Associate Director of the Samuelson Law, Technology & Public Policy Clinic and Assistant Clinical Professor Before joining the Samuelson Clinic, Stallman was a policy counsel at Google, focusing on copyright and telecommunications policy. He spent the previous 12 years in Washington D.C. working for the Federal Communications Commission, the U.S. House of Representatives, the law firm Steptoe & Johnson LLP, and then serving as General Counsel and Director of the Open Internet Project at the Center for Democracy & Technology. His research interests include copyright and machine learning, music licensing, and the intersection of copyright and media regulation. Erik is a graduate of Berkeley Law.

Jennifer M. Urban

Clinical Professor of Law and the Director of Policy Initiatives for the Samuelson Law, Technology & Public Policy Clinic Urban’s work considers how the legal, private-ordering, and social systems that govern technology interact with values such as free expression, access to knowledge, freedom to create or innovate, and privacy. With Joe Karaganis, Professor Urban conceived and directs The Takedown Project, a consortium of scholars studying takedown regimes around the world. Her recent research of the DMCA notice-and-takedown system with Karaganis and Brianna L. Schofield reveals notice-and-takedown’s importance to copyright holders, online service providers, and the online ecosystem, along with some weaknesses. Professor Urban’s recent paper with Mark Lemley shows that judges with more experience handling patent cases are more likely to rule for defendants.

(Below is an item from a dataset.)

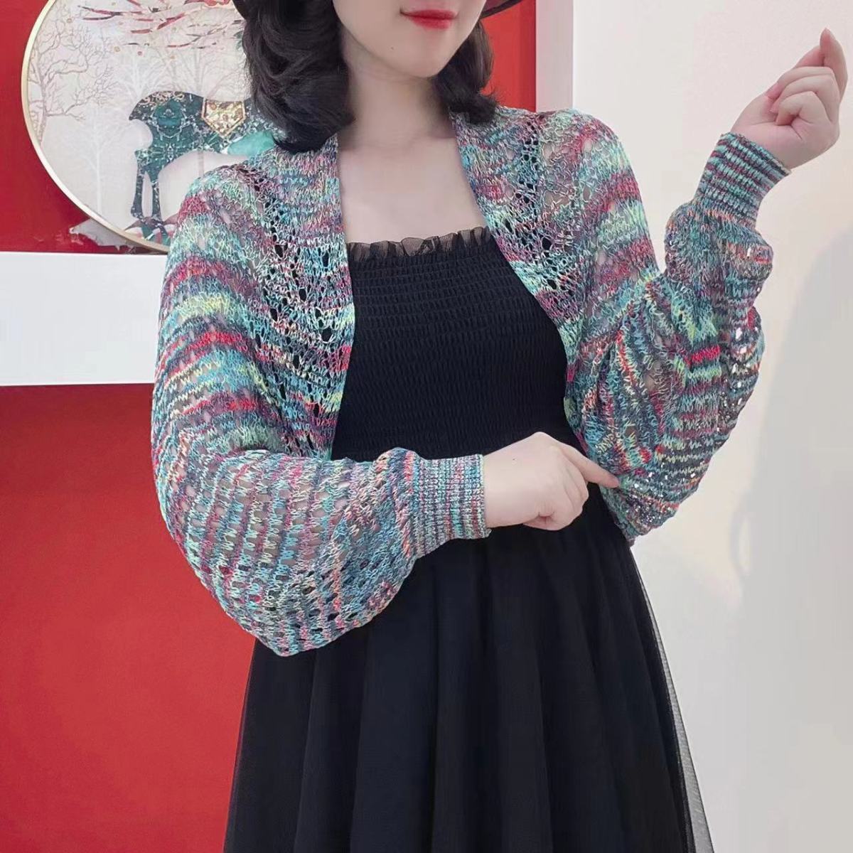 민족 스타일 새틴 컬러 숄 아이스 실크 통기성 시원한 느낌 다재다능한 여름 중공 니트 작은 코트 에어컨 룸 아우터 웨어스토어 가기

Molly Shaffer Van Houweling

Harold C. Hohbach Distinguished Professor of Patent Law and IP and Associate Dean for J.D. Curriculum and Teaching Van Houweling’s teaching portfolio includes intellectual property, basic property law, and food law and policy. Much of Professor Van Houweling’s research focuses on copyright law’s implications for new information technologies (and vice versa). She often explores this and other intellectual property issues using theoretical and doctrinal tools borrowed from the law of tangible property. Professor Van Houweling is an Associate Reporter on the American Law Institute’s Restatement of the Law, Copyright, and an Adviser to the Restatement of the Law Fourth, Property. She is a member of the Board of Directors of the Authors Alliance and Chair of the Board of Creative Commons.

Rebecca Wexler

Assistant Professor of Law

Wexler focuses on evidence law, criminal procedure, privacy, and intellectual property protections surrounding new datadriven criminal justice technologies. Before joining Berkeley Law, Professor Wexler clerked for Judge Pierre N. Leval of the United States Court of Appeals for the Second Circuit and Judge Katherine Polk Failla of the United States District Court for the Southern District of New York. She worked as a Yale Public Interest Fellow at The Legal Aid Society’s criminal defense practice and as a Lawyer-in-Residence at The Data and Society Research Institute.